FIGURE 1: Image showing Jejunal Perforation on antimesenteric border

FIGURE 2: Image showing Mesenteric Injury

FIGURE 3: Image showing Ileal perforation at mesenteric border

 

 

Table 5 shows surgical management and postoperative complications. Primary repair was performed in 46 patients, Bowel resection and anastomosis in 32 patients, stoma formation in 14 patients, and damage control surgery in 8 patients. Postoperative wound infection occurred in 18 patients, anastomotic leak in 3 patients, and sepsis in 10 patients. A total of 4 patients died, while 65 patients had an uneventful recovery.
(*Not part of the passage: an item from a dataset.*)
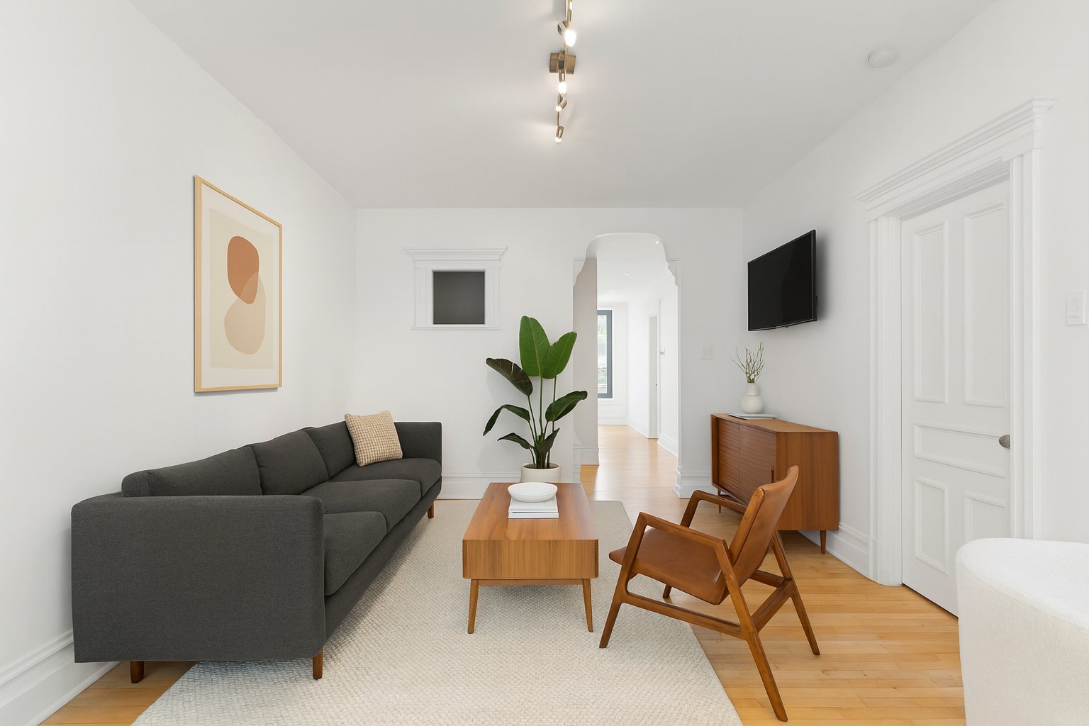 Beautiful apartment in a century-old building in Outremont. On the 2nd floor, it comprises an entrance hall, a large central space, 2 bedrooms, one of which is a double room currently used as a living/dining room, and a bright kitchen. At the foot of Mount Royal, a few steps from famous places like Leméac, Boutique 5th Avenue boutique, Outremont Park, and Laurier Avenue. Intimate balcony at the back to enjoy summer evenings. Public and private elementary schools under 2 minutes walk. Outremont and Laurier subway stations within walking distance. Family-friendly neighborhood, community life at its best.

Table 5: Surgical Management and Postoperative Complications

Parameter

Category

Number of Patients

Surgical Procedure

Primary Repair

46

Resection & Anastomosis

32

Creation of Stoma

14

Damage Control Surgery

8

Complications

Surgical Site Infection

18

Anastomotic Leak

3

Sepsis

10

Mortality

4

Uneventful Recovery

65

 

Table 6 shows hospital stay, ICU stay, and trauma scores. The mean length of hospital stay was 12 ± 5 days, while the mean ICU stay was 4 ± 2 days. The mean Injury Severity Score was 18 ± 6, and the mean Revised Trauma Score was 6.5 ± 1.2.

 

Table 6 Hospital Stay, ICU Stay, and Trauma Scores

Parameter

Mean ± SD

Length of Hospital Stay (days)

12 ± 5

ICU Stay (days)

4 ± 2

Injury Severity Score (ISS)

18 ± 6

Revised Trauma Score (RTSc)

6.5 ± 1.2

DISCUSSION

Bowel perforation after blunt trauma is rare but potentially fatal. The nonspecific nature of symptoms—such as vague abdominal pain, distension, or absent bowel sounds—often leads to underdiagnosis. The proposed mechanisms of intestinal injury in BAT include compression forces and deceleration forces which results in a spectrum of injury from intramural hematoma to perforation. [10]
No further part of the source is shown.